EXERCISE MATERIALS START
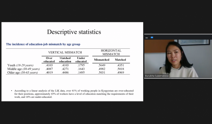 26 июля 2022 года д-р Бурулча Сулайманова, научный сотрудник Академии ОБСЕ, выступила с открытой лекцией на тему «Влияние несоответствия работы и образования…
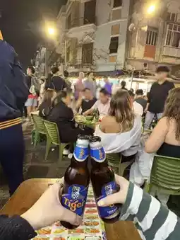 It's relatively quiet during the day, but in the evening, the entire street transforms into a festival-like atmosphere. Every shop sets up small tables and chairs outside, making it difficult to walk around, and the energy is high until late at night!
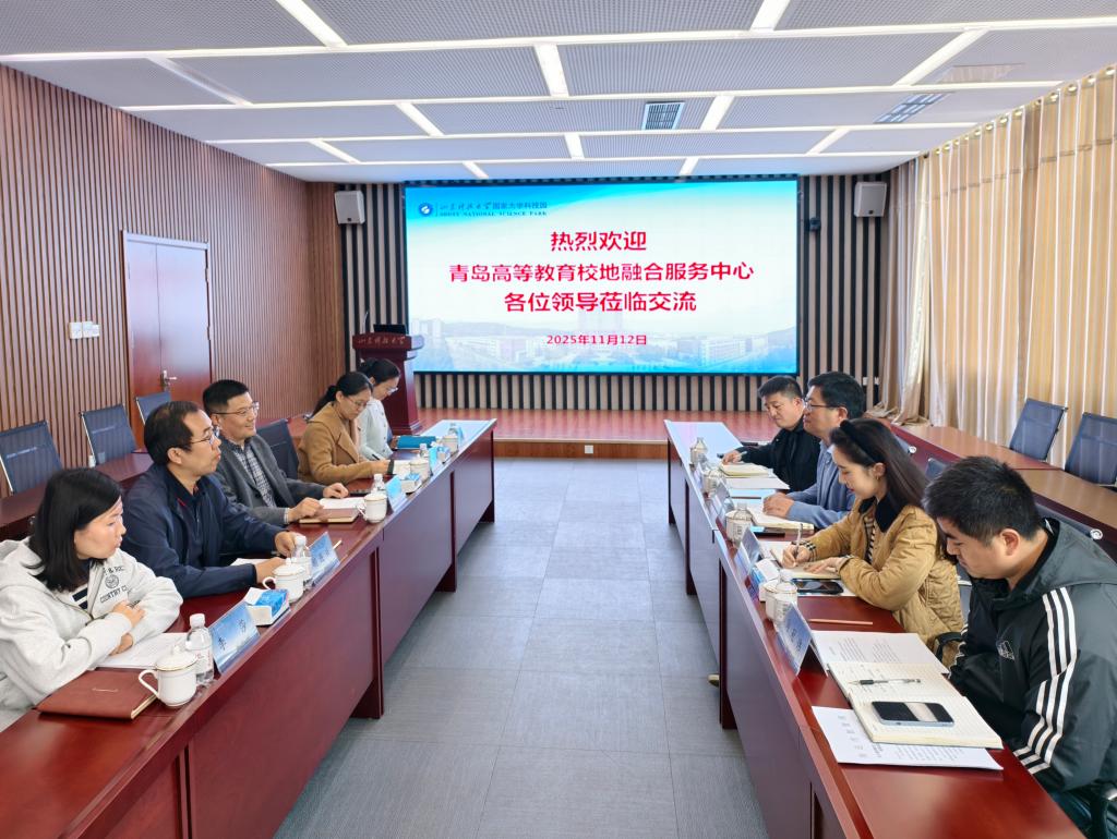 近日,青岛高等教育校地融合服务中心主任刘晓明一行来国家大学科技园调研交流,科技产业管理处处长(国家大学科技园管理办公室主任)薛力进行接待并参加座谈。
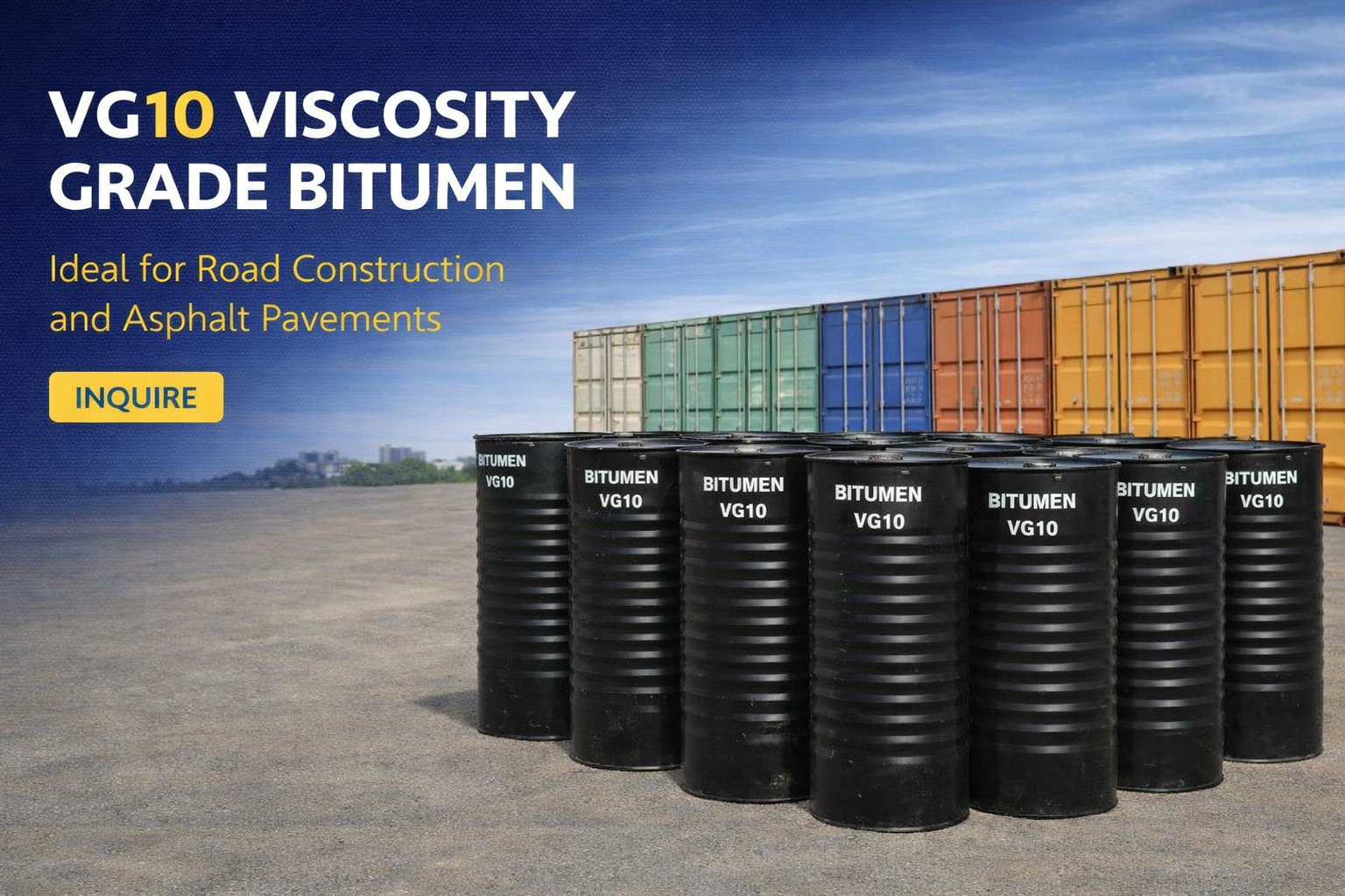 VG 10 bitumen is a reliable and versatile product sourced from the Middle East, offering excellent workability, adhesion, and flexibility in asphalt applications.
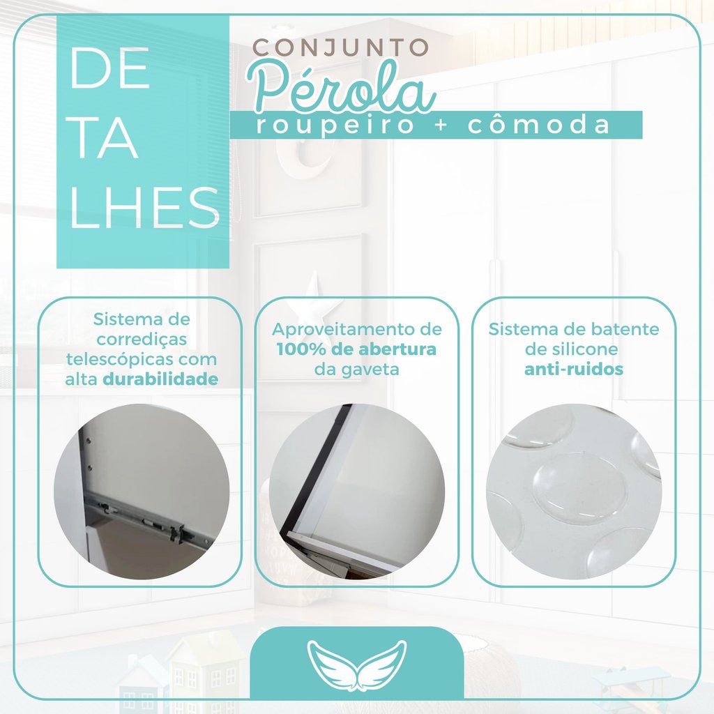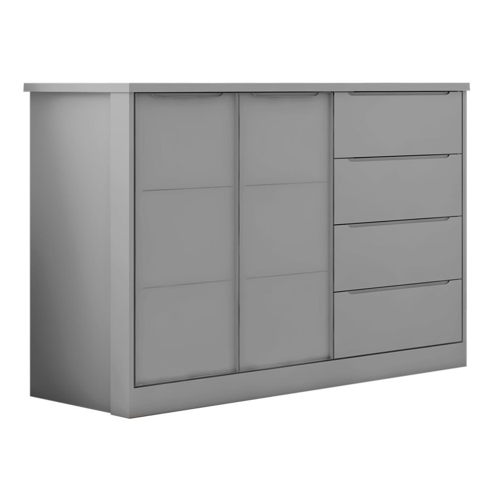 Cômoda Infantil 4 Gavetas e 2 Portas com Cabideiro Pérola Cinza Cinza
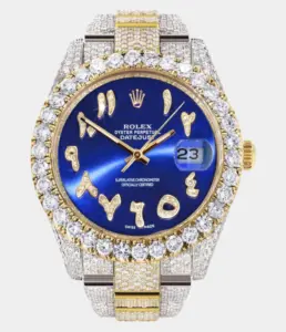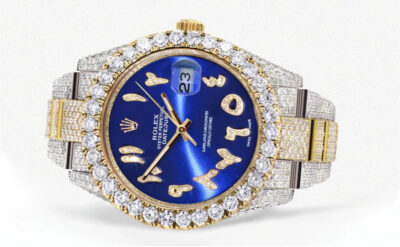 500,00 $ – 1.600,00 $Diamond Iced Out Rolex Datejust 41 | 25 Carats Of Diamonds | Custom Blue Arabic Numeral Diamond Dial | Two Row | Oyster Band Replik
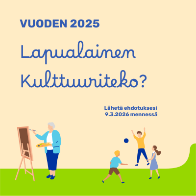 Ehdotukset perusteluineen tulee lähettää kulttuuritoimistoon 9.3.2026 mennessä osoitteeseen, tuula.ylisaari@lapua.fi.
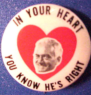 HEART RIGHT Button GOLDWATER Pin 1964 Johnson Campaign
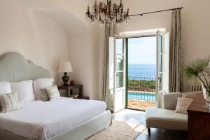 Een trappartij leidt vanuit de hal naar omhoog naar de gang waaraan de overige vier slaapkamers zijn gelegen: Allereerst een ouder slaapkamer met grote en-suite badkamer met bad en regendouche. Verder twee  tweepersoonskamers met een gedeelde en-suite badkamer met douche. Een tweepersoonskamer met eigen badkamer met douche. Alle slaapkamers op de eerste verdieping bieden een prachtig uitzicht op zee en hebben toegang tot een panoramisch terras dat over de gehele breedte van de villa loopt. Ook de gang die de slaapkamers verbindt, geeft toegang tot een groot terras met een prachtig uitzicht op de Etna-berg.
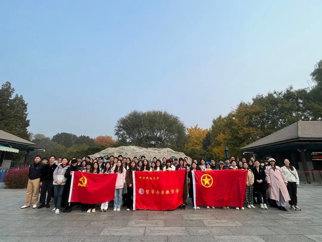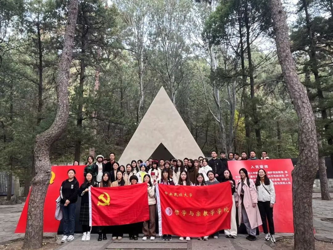 宗教学系师生联合党支部、哲学专业博士生党支部、丰台校区学生党支部于11月2日联合组织开展了“缅怀先烈·坚定信念”主题党日活动。此次活动带领支部成员和入党积极分子近八十人,前往国家植物园樱桃沟景区的“一二·九”运动纪念地,通过重温历史、缅怀革命先烈的方式,进一步坚定新时代青年党员的理想信念。
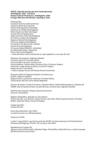 SACO2, Segunda Semana de Arte Contemporáneo Antofagasta, 24/8 - 1/9 2013 Parque Cultural Huanchaca / Antofagasta, Chile El Lugar Más Seco del Mundo / Quillagua, Chile Participantes: Curatoría Forense (Latinoamérica) Colectivo Móvil (Concepción) Galería Metropolitana (Santiago) Colectivo SE VENDE (Antofagasta) María Esperanza Rock (Santiago) Guisela Munita (Valparaíso) Jorge Guerrero /Fido/ (Antofagasta) Eric Ramos /Coba/ (Antofagasta) Dagmara Wyskiel (Antofagasta) Francisco Vergara (Antofagasta) Fernando Prats (Barcelona, España) Camila Díaz (Antofagasta) El Cuerpo Habla (Medellín, Colombia) Ana Benedetti (Salta, Argentina) Perras Danza (Antofagasta) + niños del taller Cómo transformé mi vieja zapatilla en una obra de arte Directora del proyecto: Dagmara Wyskiel Productor general: Christian Núñez Comunicadora nacional: Carolina Lara Comunicadores: locales Helen Simonne Díaz y Francisco Vergara Asistentes: Jorge Guerrero (Fido) y Francisco Vergara Apoyo técnico: Juan Núñez + todo el equipo técnico del Museo Ruinas Huanchaca Proyecto editorial: Dagmara Wyskiel y Carolina Lara Diseño: Dagmara Wyskiel Diagramación y producción editorial: Christian Núñez Transcripción del foro cierre Noelia Begliardo Autores de textos: Curatoría Forense, Colectivo Móvil, Galería Metropolitana, Colectivo SE VENDE, María Esperanza Rock, Guísela Munita, Carolina Lara, Dagmara Wyskiel Anfitrión del proyecto: Parque Cultural Huanchaca Gerenta: Paula Baltra Registro fotográfico, aplicado en esta edición: Guísela Munita, Luis Alarcón, Sergio Concha, Iván Ávila, María Esperanza Rock, Christian Núñez, Sebastian Rojas, Francisco Vergara Imagen portada: Guísela Munita Cierre de publicación: abril 2014 La edición consta con 200 ejemplares. Impreso en Chile. La obra “Juego Mixto”, que forma parte de SACO2, fue financiada por el Fondo Nacional de Desarrollo Regional, F.N.D.R. 2% a Cultura, año 2013. Agradecemos el apoyo de: Agencia Cultural Retornable, Sebastian Rojas, Paula Baltra, Nicole Barrios y a todo el equipo del Museo Ruinas Huanchaca. 2
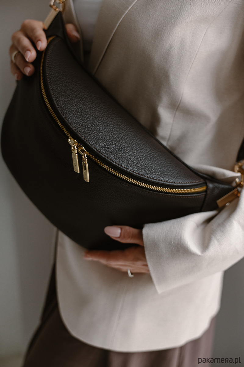 BEANIE BAG MAXI to wyjątkowe połączenie stylu, wygody i funkcjonalności w większym formacie. Ta duża skórzana nerka ciemny brąz pomieści wszystkie niezbędne drobiazgi, a jednocześnie doda charakteru każdej stylizacji - eleganckiej, casualowej, jak również sportowej. Jest idealna do noszenia na ramieniu oraz przez ciało. Szybko może stać się Twoją ulubioną torebką na co dzień!
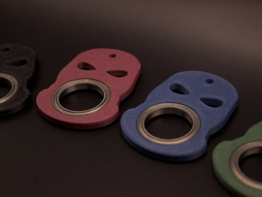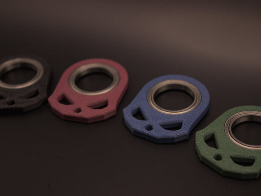 Titanium and Carbon Fiber keychains are CNC-cut and hand-finished. 3D printed ones use carbon fiber-reinforced PETG. Bearings are chrome steel for the 3D printed versions or stainless for Carbon Fiber and titanium keychains. All keychains are lightweight, durable, and designed for everyday carry.
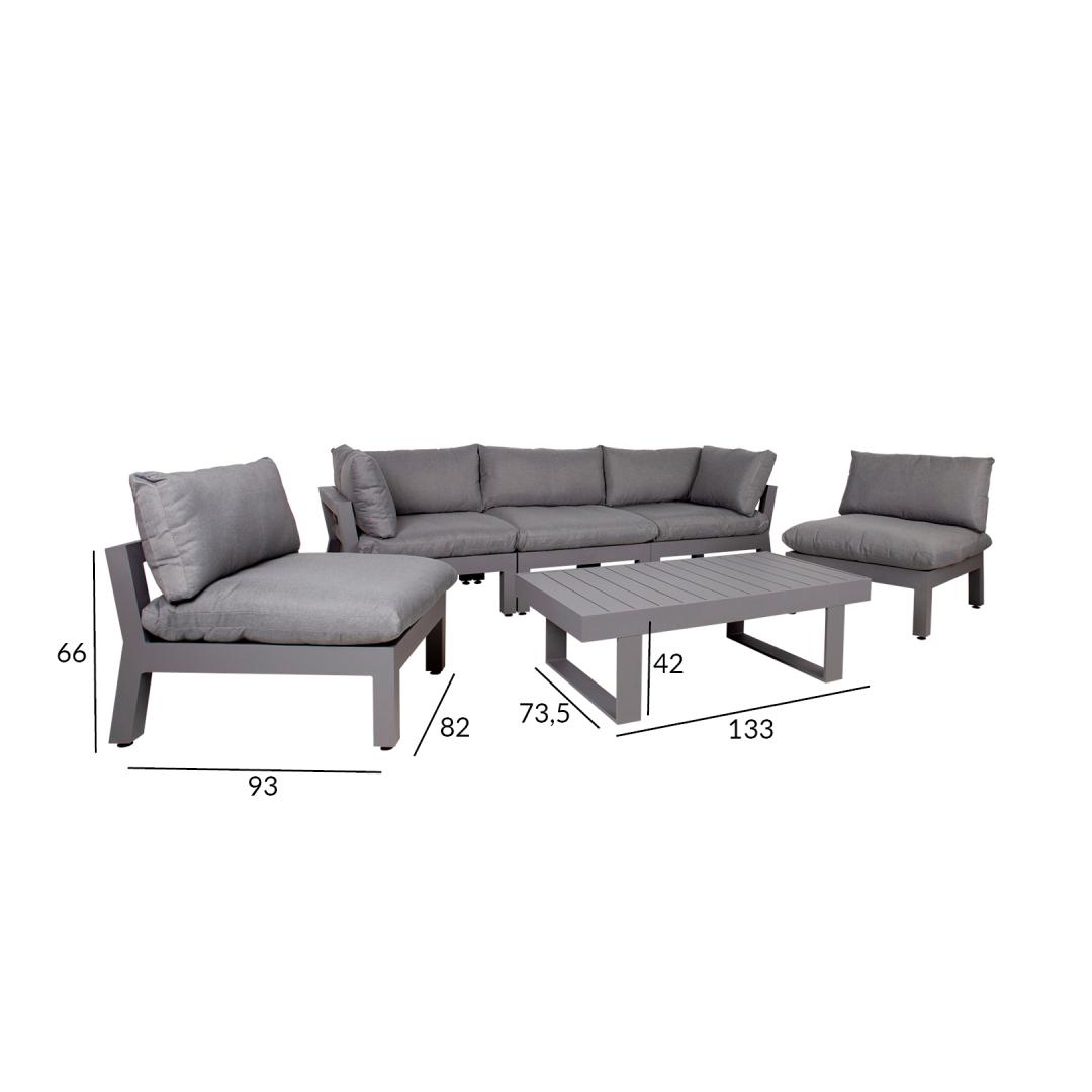 Garden furniture set FLUFFY modular sofa and table. The set includes 2 corner modules, 3 intermediate modules and a sofa table. It is easy to change the layout and order of the modules. The frames of the sofa modules and the table are made of aluminum and finished with gray powder paint. The dimensions of the table are 133x73.5xH42cm. The dimensions of the knife module are 93x93xH66cm, the dimensions of the intermediate module are 82x93xH66cm. At the bottom of the seat modules there are wide braided straps, which are covered by a 3cm foam mat. Thick and soft cushions and an elastic seat base ensure excellent sitting comfort. The height of the seat to the edge of the frame is 35 cm, including the pillow 51 cm. The dimensions of the seat cushions are 87x87xH16cm, the dimensions of the back cushions are 87x43x18cm, 72x43x16cm. The cushion covers are made of gray polyester fabric. The pillow covers are removable and washable. The product is very durable in changing weather conditions and easy to maintain. Only cushions need protection from the weather. A good solution for daily storage of pillows and keeping them dry is a pillow case. To extend the life of outdoor furniture, we recommend using outdoor furniture covers. STORAGE: At the end of the summer season, we recommend storing the garden furniture indoors. Clean and dry the furniture before storing. Use a dry and well-ventilated room for storage. Aiamööblikomplekt FLUFFY mooduldiivan ja laud. Komplekti kuulub 2 nurgamoodulit, 3 vahemoodulit ja diivanilaud. Moodulite paigutust ja järjekorda on lihtne muuta. Diivani moodulite raamid ja laud on valmistatud alumiiniumist ja viimistletud halli pulbervärviga. Laua mõõdud on 133x73,5xH42cm. Nugamooduli mõõdud on 93x93xH66cm, vahemooduli mõõdud on 82x93xH66cm. Istmemoodulite põhjas on laiad põimitud rihmad, mida katab 3cm poroloonmatt. Paksud ja pehmed padjad ning elastne istmepõhi tagavad suurepärase istumismugavuse. Istme kõrgus raami ääreni on 35cm, koos padjaga 51cm. Istmepatjade mõõdud on 87x87xH16cm, seljatoepatjade mõõdud on 87x43x18cm, 72x43x16cm. Padjakatted on valmistatud hallist polüesterkangast. Padjakatted on eemaldatavad ja pestavad. Toode on muutlikes ilmastikutingimustes hästi vastupidav ja lihtsalt hooldatav. Kaitset ilmastikuolude eest vajavad ainult padjad. Hea lahendus patjade igapäevaseks hoiustamiseks ja kuivana hoidmiseks on padjakast. Välitingimustes kasutatava mööbli eluea pikendamiseks soovitame kasutada välimööbli katteid. HOIUSTAMINE: suvehooaja lõppedes soovitame aiamööblit hoiustada siseruumides. Puhastage ja kuivatage mööbel enne hoiule panekut. Kasutage hoiustamiseks kuiva ning hea ventilatsiooniga ruumi.
EXERCISE MATERIALS END
**EXERCISE OBJECTIVE:**
Leave the pictures out and please restate exactly the lines running from the start of the material through the one with "Cômoda Infantil 4".

**RESPONSE:**
 26 июля 2022 года д-р Бурулча Сулайманова, научный сотрудник Академии ОБСЕ, выступила с открытой лекцией на тему «Влияние несоответствия работы и образования…
 It's relatively quiet during the day, but in the evening, the entire street transforms into a festival-like atmosphere. Every shop sets up small tables and chairs outside, making it difficult to walk around, and the energy is high until late at night!
 近日,青岛高等教育校地融合服务中心主任刘晓明一行来国家大学科技园调研交流,科技产业管理处处长(国家大学科技园管理办公室主任)薛力进行接待并参加座谈。
 VG 10 bitumen is a reliable and versatile product sourced from the Middle East, offering excellent workability, adhesion, and flexibility in asphalt applications.
 Cômoda Infantil 4 Gavetas e 2 Portas com Cabideiro Pérola Cinza Cinza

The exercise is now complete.